Your assignment - Return all of the data exactly, omitting any images.

======== Exercise data ========

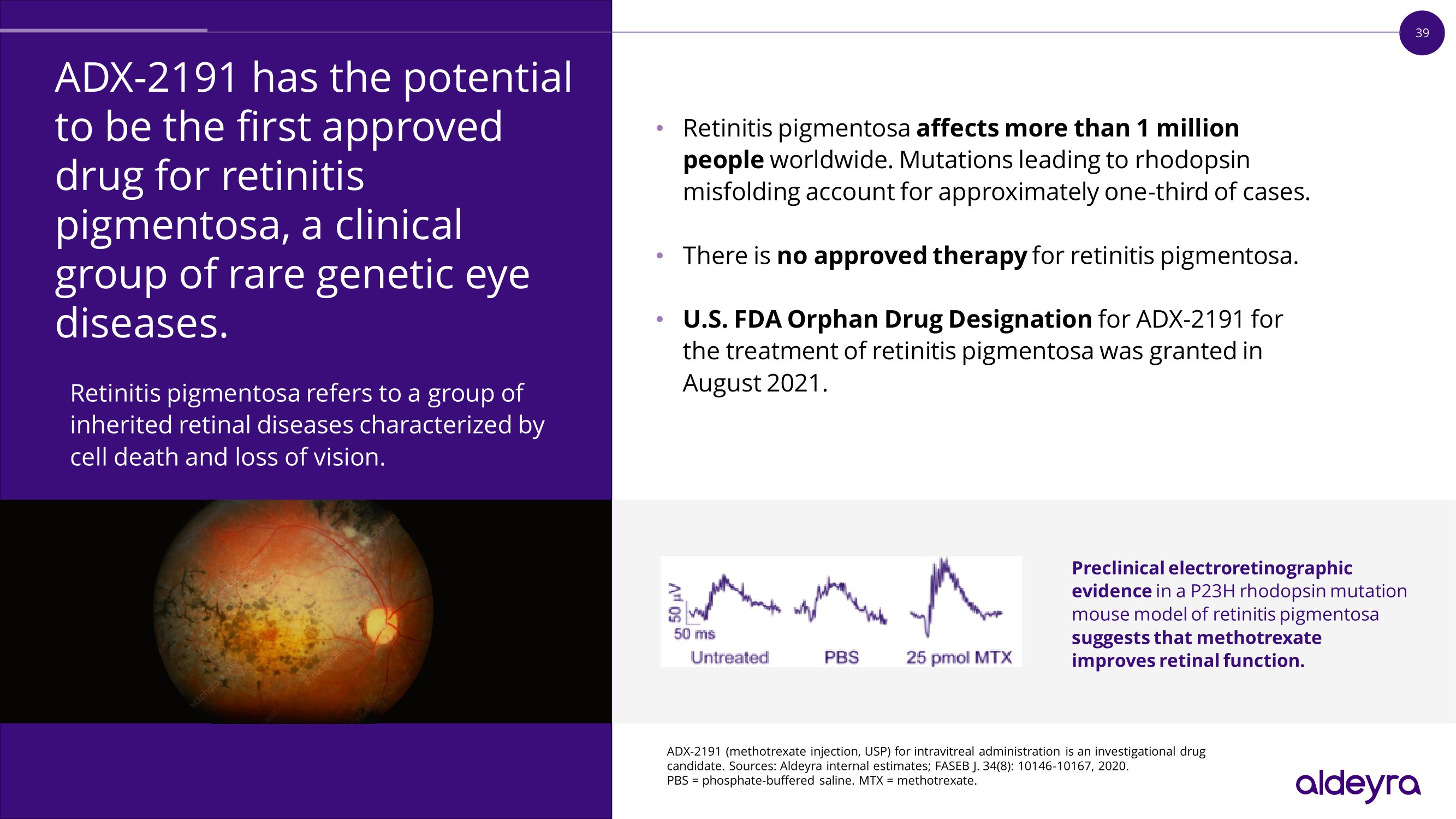 39 ADX - 2191 has the potential to be the first approved drug for retinitis pigmentosa, a clinical group of rare genetic eye diseases. Retinitis pigmentosa refers to a group of inherited retinal diseases characterized by cell death and loss of vision. • Retinitis pigmentosa affects more than 1 million p e o p l e w o r ldwi d e . M u t a t i o ns l e a di n g t o r h o d o p s i n misfolding account for approximately one - third of cases. • There is no approved therapy for retinitis pigmentosa. • U.S. FDA Orphan Drug Designation for ADX - 2191 for the treatment of retinitis pigmentosa was granted in A ugust 2021 . P r e c li n i c a l e l e c t r o r e t i n o g r a p h i c e v i d e n c e i n a P 2 3 H r h o d o p s i n m u t a t i o n m o u s e m o d el o f r e t i n i t i s p i g m en t o sa s u gg e s t s t h a t m e t h o t r e x a t e i mp r o v e s r e t i n a l fun c t i o n . ADX - 2191 (methotrexate injection, USP) for intravitreal administration is an investigational drug candidate. Sources: Aldeyra internal estimates; FASEB J. 34(8): 10146 - 10167, 2020. PBS = phosphate - buffered saline. MTX = methotrexate.
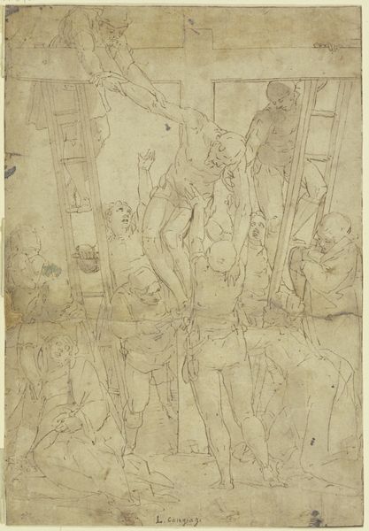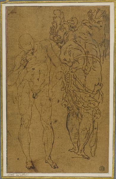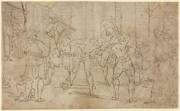 Curator: Looking at this artwork, I immediately feel a sense of vulnerability amidst violence. The delicate lines of the ink contrast sharply with the brutal scene depicted. Editor: This is an anonymous piece titled “Martyrdom of Saint Sebastian with Two Archers”, created between 1470 and 1480 during the Italian Renaissance. Currently, it resides at the Metropolitan Museum of Art in New York. It is rendered using pen and ink. What's interesting about it is its reflection of shifting power dynamics and social values of the time. Curator: Exactly. The martyrdom of Saint Sebastian, historically depicted as physical endurance in the face of oppression, has implications for queer identity studies too, considering that interpretations frame the image through lenses of desire and the erotic. The archers' expressions – or lack thereof – also adds a layer to consider. Editor: Right, the saint became an important figure during the plagues that ravaged Europe in the 15th century. What do you think the presence of the two archers reveals about attitudes toward persecution and perhaps even state power in that era? Are they instruments of a just authority or cruel, indifferent enforcers? Curator: That’s it. This portrayal emphasizes the psychological burden of enacting violence, perhaps suggesting an unease with power that's relevant today. How does this narrative connect to our ongoing societal conversations around who gets remembered and why? Editor: By examining the artwork through the lens of its socio-historical background, it invites viewers to re-evaluate how societal narratives, power and resilience have played out, in this image and more broadly, and continue to impact the reception and creation of art today. Curator: Ultimately, what's striking is that even in this supposed moment of ultimate sacrifice, Sebastian's posture feels oddly defiant, questioning the terms and the ethics of violence, raising awareness on current affairs about victim blaming, for example. Editor: I think exploring these complexities reminds us how the past still reverberates in our present moment, challenging us to create a future society free from similar persecutions.
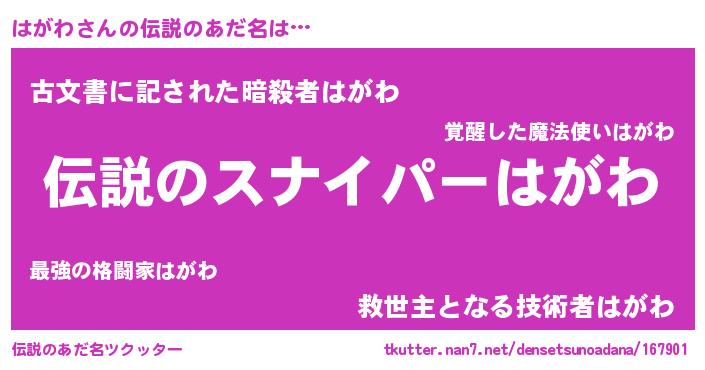 | 胡散臭い通販商品みたいなあだ名 | 『必ず成功する霊験あらたかなお札…その名も「はがわ」』 |

========

Answer to this task -
 39 ADX - 2191 has the potential to be the first approved drug for retinitis pigmentosa, a clinical group of rare genetic eye diseases. Retinitis pigmentosa refers to a group of inherited retinal diseases characterized by cell death and loss of vision. • Retinitis pigmentosa affects more than 1 million p e o p l e w o r ldwi d e . M u t a t i o ns l e a di n g t o r h o d o p s i n misfolding account for approximately one - third of cases. • There is no approved therapy for retinitis pigmentosa. • U.S. FDA Orphan Drug Designation for ADX - 2191 for the treatment of retinitis pigmentosa was granted in A ugust 2021 . P r e c li n i c a l e l e c t r o r e t i n o g r a p h i c e v i d e n c e i n a P 2 3 H r h o d o p s i n m u t a t i o n m o u s e m o d el o f r e t i n i t i s p i g m en t o sa s u gg e s t s t h a t m e t h o t r e x a t e i mp r o v e s r e t i n a l fun c t i o n . ADX - 2191 (methotrexate injection, USP) for intravitreal administration is an investigational drug candidate. Sources: Aldeyra internal estimates; FASEB J. 34(8): 10146 - 10167, 2020. PBS = phosphate - buffered saline. MTX = methotrexate.
 Curator: Looking at this artwork, I immediately feel a sense of vulnerability amidst violence. The delicate lines of the ink contrast sharply with the brutal scene depicted. Editor: This is an anonymous piece titled “Martyrdom of Saint Sebastian with Two Archers”, created between 1470 and 1480 during the Italian Renaissance. Currently, it resides at the Metropolitan Museum of Art in New York. It is rendered using pen and ink. What's interesting about it is its reflection of shifting power dynamics and social values of the time. Curator: Exactly. The martyrdom of Saint Sebastian, historically depicted as physical endurance in the face of oppression, has implications for queer identity studies too, considering that interpretations frame the image through lenses of desire and the erotic. The archers' expressions – or lack thereof – also adds a layer to consider. Editor: Right, the saint became an important figure during the plagues that ravaged Europe in the 15th century. What do you think the presence of the two archers reveals about attitudes toward persecution and perhaps even state power in that era? Are they instruments of a just authority or cruel, indifferent enforcers? Curator: That’s it. This portrayal emphasizes the psychological burden of enacting violence, perhaps suggesting an unease with power that's relevant today. How does this narrative connect to our ongoing societal conversations around who gets remembered and why? Editor: By examining the artwork through the lens of its socio-historical background, it invites viewers to re-evaluate how societal narratives, power and resilience have played out, in this image and more broadly, and continue to impact the reception and creation of art today. Curator: Ultimately, what's striking is that even in this supposed moment of ultimate sacrifice, Sebastian's posture feels oddly defiant, questioning the terms and the ethics of violence, raising awareness on current affairs about victim blaming, for example. Editor: I think exploring these complexities reminds us how the past still reverberates in our present moment, challenging us to create a future society free from similar persecutions.
 | 胡散臭い通販商品みたいなあだ名 | 『必ず成功する霊験あらたかなお札…その名も「はがわ」』 |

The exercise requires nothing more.